# leopard gecko



## shutter13 (Jun 23, 2004)

My bro has a leopard gecko.. like 3-4'' in a 10g for a few weeks. Hes been feeding it mealies and crickets but the last few days it hasnt been eating, it got so bad we had to force feed the poor thing tonight







we just kinda opened its jaws and threw a cricket in.. i felt so bad for the lil guy









anyone know why he would just stop eating?


----------



## Burf (Nov 3, 2003)

firstly, you didn't need to be so hasty in force feeding him.

Leopard gecko's are notorious for going without eating for long amounts of time. One of mine goes a week or two without being interested in food. As long as the animal is healthy and has a nice plump tail it should be ok.

If you do start to get desperate and feel that they really need to be fed, this is what to do:

1) Get a wax-worm and squish some of its guts out of its bum 
2) Rub its "mucky bum" on the gecko's nose. I find that when my geckos get anything on their face, they are very quick to lick it off.
3) When they have their mouth open to lick their faces, you might be able to slip the rest of the wax-worm into their mouth. If it wont let you do this, just keep on squeeezing those guts onto the gecko's mouth.
4) repeat this process untill the gecko has had a good meal. Do this for a few days.
5) After a while, the gecko should have regained its strength and start eating again.

You dont really need to use wax-worms, crickets or mealies should work just as well. The advantages of wax-worms are that they have a very high fat content. this is usually a disadvantage in most other situations but in this case they are great for rebuilding body weight. They are also very squishy, so its easy to squeeze outs the guts.

As i already mentioned, waxworms are very high in fat and low in "goodness" therefore they are a poor staple diet. Once you have got the gecko eating again, you should get it back onto its normal diet.

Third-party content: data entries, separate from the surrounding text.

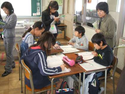 大和南小学校では、子どもたちの礼儀正しいあいさつ、明るい笑顔、そして規律ある落ち着いた授業態度がとても印象的でした。また、廊下や特別教室などに多くの児童の作品や活動記録の掲示、すべてのトイレに花が生けられ潤いのある環境中で子どもたちは学校生活を送っていました。授業では、ペア対話やグループでの話し合い活動が活発に行われ、学習内容の理解が深まるよう工夫がされていました。午後には国語の研究授業が行われ、よりよい授業をめざして活発な研究協議が行われました。
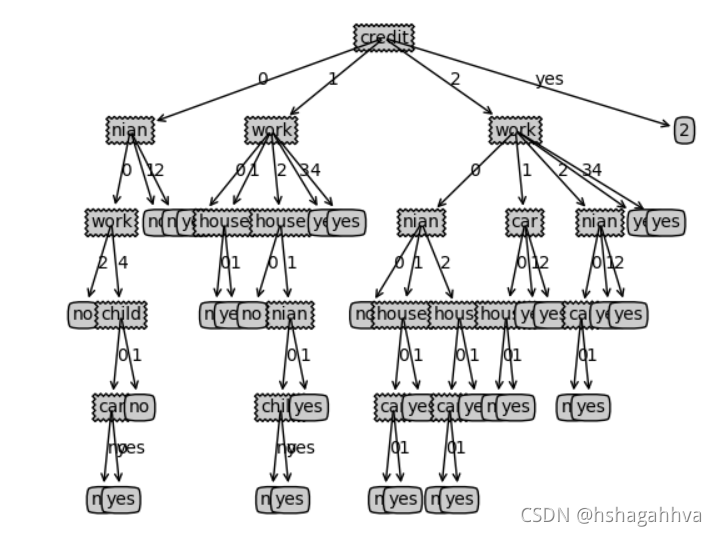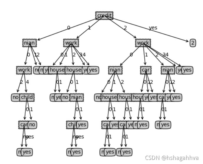 ? ? ? ? 下面数据属性有6个,分别为yea,0,1,2分别表示老年,中年,青年;work,0,1,2,3,4,5分别表示工资1000以下,1000到3000,3000到5000,5000到8000,8000到10000,10000以上;house,0, 1分别表示有房子和无房子;car, 0,1 ,2分别表示无车,一般车,好车;child,0,1?分别表示有孩子,无孩子;credit,0,1,2分别表示信用差,信用一般,信用好。最终判断是否给这个人贷款。
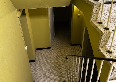 Über das massive Treppenhaus gelangt man in das Obergeschoss.
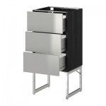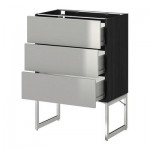 МЕТОД / ФОРВАРА Нплн шк 3 фрнт/3 средн ящика - 80x60x60 см, Гревста нержавеющ сталь, под дерево черный
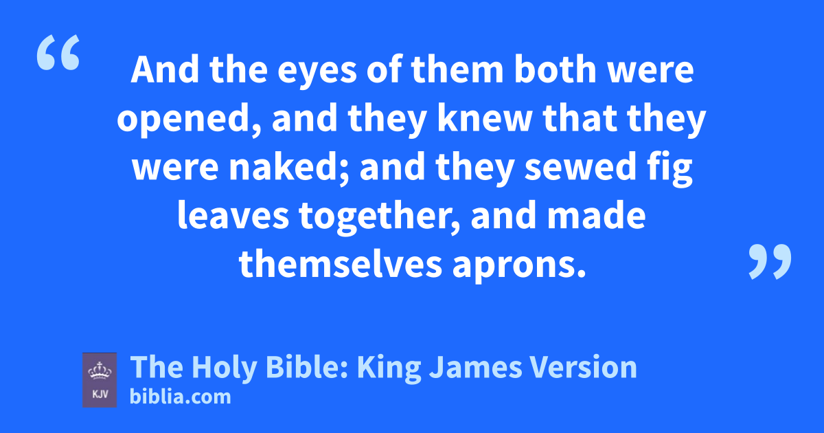 6 And when the woman saw that the tree was good for food, and that it was pleasantb to the eyes, and a tree to be desired to make one wise, she took of the fruit thereof, and did eat, and gave also unto her husband with her; and he did eat. 7 And the eyes of them both were opened, and they knew that they were naked; and they sewed fig leaves together, and made themselves apronsc. 8 And they heard the voice of the LORD God walking in the garden in the coold of the day: and Adam and his wife hid themselves from the presence of the LORD God amongst the trees of the garden.

if this process doesnt work, and you get very desperate, i think a trip to the vets would be necessary.

good luck


----------



## shutter13 (Jun 23, 2004)

well we didnt really force it much, more like tickled its mouth and threw the cricket in... we'll see if he eats tonight... ill try the worm trick also

BTW- it doesnt have a fat tail... that means its female right?


----------



## WolfFish (Jun 30, 2004)

shutter13 said:


> well we didnt really force it much, more like tickled its mouth and threw the cricket in... we'll see if he eats tonight... ill try the worm trick also
> 
> BTW- it doesnt have a fat tail... that means its female right?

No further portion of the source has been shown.